Piyush Pandey

Piyush has been with Ogilvy India for over 36 years, and since January 2019 in his current role as Worldwide Chief Creative Officer. He started as an account executive and moved to creative in 1988.

In 2016, he became the first ‘pure’ advertising person to be honored with the Indian national civilian award, the ‘Padma Shri’.He was the first Asian to chair a Cannes Jury, in 2004, and he was awarded the lifetime achievement award by Clio, New York in 2012 and by the AAAI in India in 2010. In June 2018, Piyush, along with his brother Prasoon, was awarded the Lion of St. Mark at the International Festival of Creativity at Cannes.
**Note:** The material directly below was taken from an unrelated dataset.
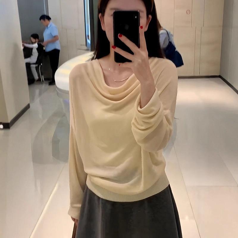 Großgröße schwingender Kragen One-Shoulder Langarm Strickpullover Damen Herbst Neu Fett MM faul und dünn Temperament Oberteil

Piyush has been a brand ambassador for Indian advertising at many international and Indian forums and was also a mentor at the Berlin School of Creative Leadership.
Piyush is best known for his creative work. He believes advertising must talk to the hearts of people, and that the best reward of good work is when people on the streets it is aimed at talk about it. His work has won over 1,000 awards nationally and internationally.

He has created famous campaigns for Asian Paints (har ghar kuch kehta hai - every house has a story to tell), Cadbury (kuch khas hai hum sabhi mein - real taste of life), Fevicol (Fevicol ka jod hai, toote ga nahi - the unbreakable bond of Fevicol), SBI Life (heere ko kya pata tumhari umar - diamond doesn’t know your age), to name a few. He also led the campaign that brought the BJP to national power in 2014 with the famous lines abki baar Modi Sarkar - this time Modi government and ache din aane wale hain - good days are going to come.

Piyush believes people in advertising can use their creativity to drive social change. He has done many memorable social campaigns, including his work with UNICEF to make India a polio-free country.

He has documented his advertising philosophy and thoughts behind his famous campaigns in his book ‘Pandeymonium’.
Cricket is Piyush's other big passion, and before joining advertising he was a state-level cricketer, as well as a tea-taster. He is married to a former colleague Nita and has six dogs.